Why Did Buddha Wait For This Little Girl?

Once upon a time, Gautama Buddha visits a town. The entire town gathers and is waiting to listen to him, but he goes on waiting. He keeps looking backwards at the road, expecting a little 13 year old girl to come. He happened to meet her on the road and she had told him – “Wait for me. I am going to give this food to my father at the farm, but I will be back in time. Don’t forget, wait for me!”
Finally, the elders of the town said to Gautama Buddha – “For whom are you waiting? Everybody important is present, you can start your discourse.” Buddha replied – “But the person for whom I have come so far is not present yet and I have to wait.”
Finally the girl arrives and exclaims – “I am a little late, but you kept your promise! I knew you would keep your promise because I have been waiting for you since my first memory as a child, when I first became aware… I think I was four years old when I first heard your name. Your name was enough to ring a bell in my heart. And since then for ten long years…I have been waiting!!!”
Buddha responded – “You have not been waiting in vain. You are the person who has attracted me to this village.”
At the end of his discourse, that little girl was the only one who goes to him and says:  “Initiate me. I have waited enough, and now I want to be with you.” Buddha replied “You have to be with me because your town is so far out! I cannot keep coming again and again. The road is long, and I am getting old!”
In that entire town not a single person came up to him be initiated into meditation, other than that little girl.
At night as they were getting ready to sleep, Buddha’s chief disciple Ananda asked Buddha “Master, before you go to sleep I want to ask you one question. Do you feel a certain pull towards a certain space… just like a magnetic pull?”

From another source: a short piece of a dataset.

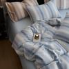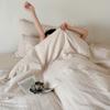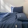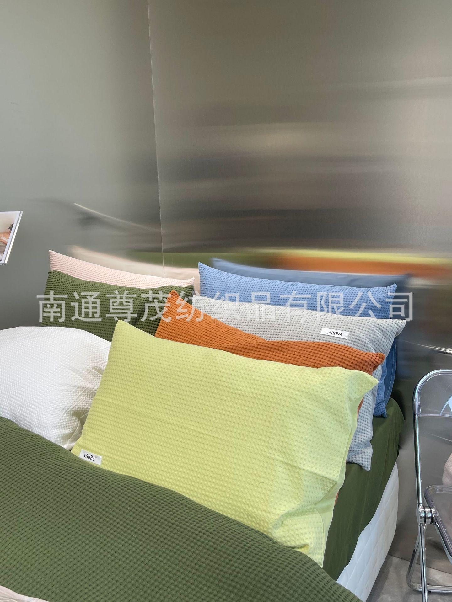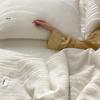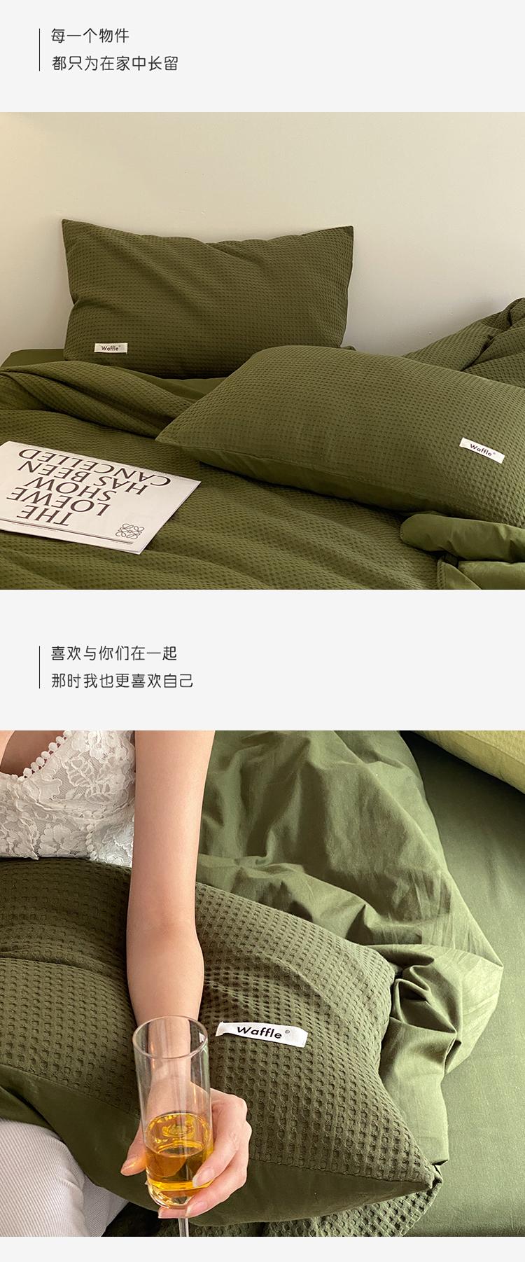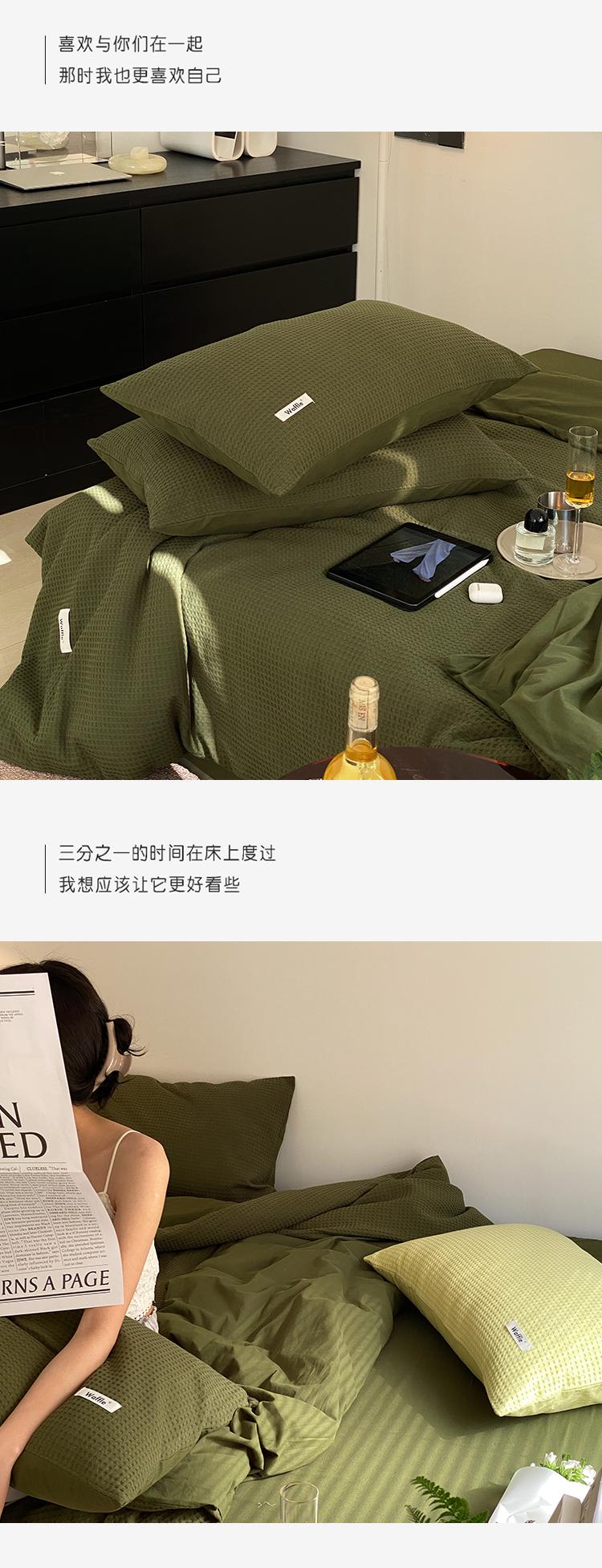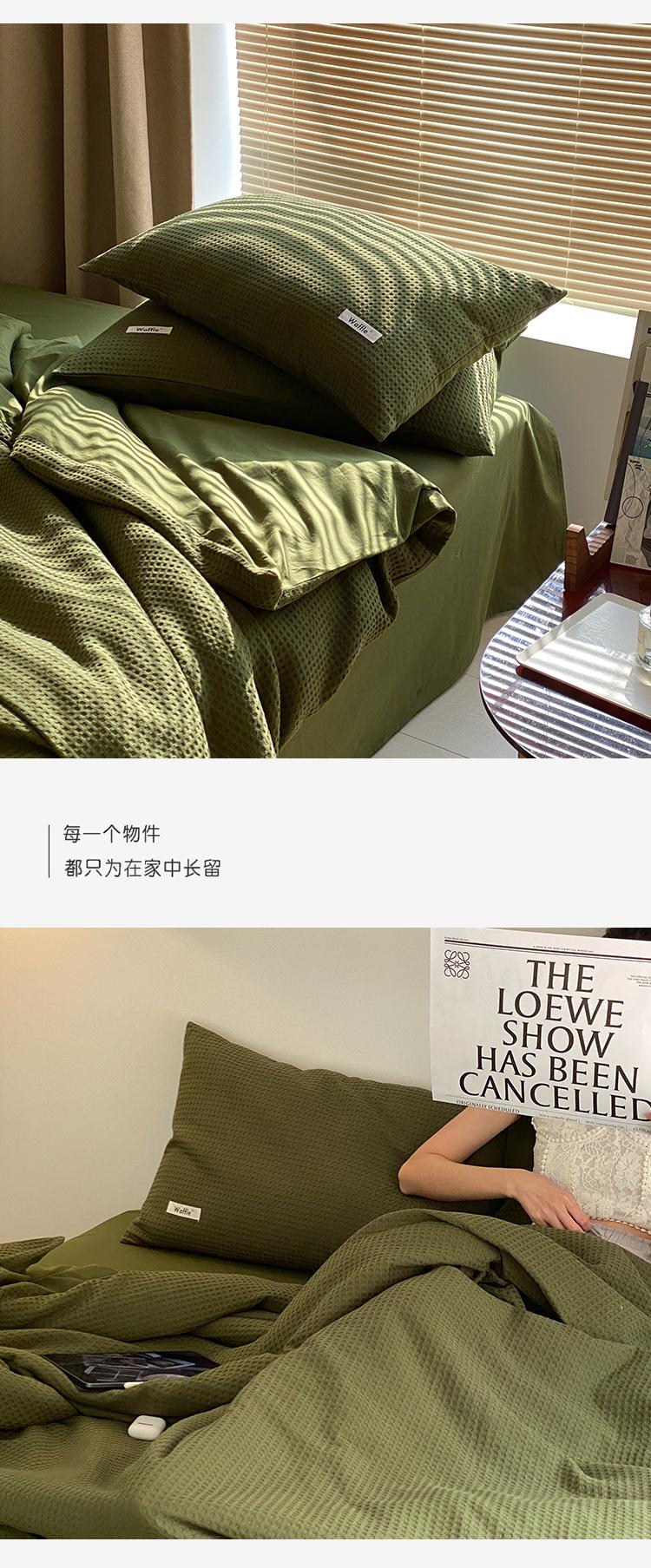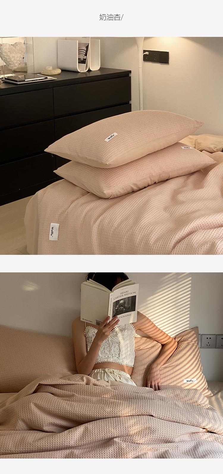 Esta ropa de cama tiene dos lados, A y B. El lado A está hecho de material waffle, que es absorbente del sudor y transpirable, ligeramente áspero, y de alta densidad y engrosado; el lado B es ajustado, hecho de algodón lavado de 40 hilos, cómodo y suave, con un tacto delicado. ¡Todo el juego de ropa de cama tiene una confección exquisita y costuras finas!

Buddha replied, “You are right Ananda. That is how I decide my journeys. When I feel someone is thirsty…so thirsty that without me, there is no other way for them… I have to move in that direction.”
Master moves towards the disciple and the disciple also moves towards the master. Sooner or later they are bound to meet. The meeting is not of the body, the meeting is not of the mind. The meeting is of the very soul!
It is like when you bring two lamps close to each other; the lamps remain separate but their flames become one.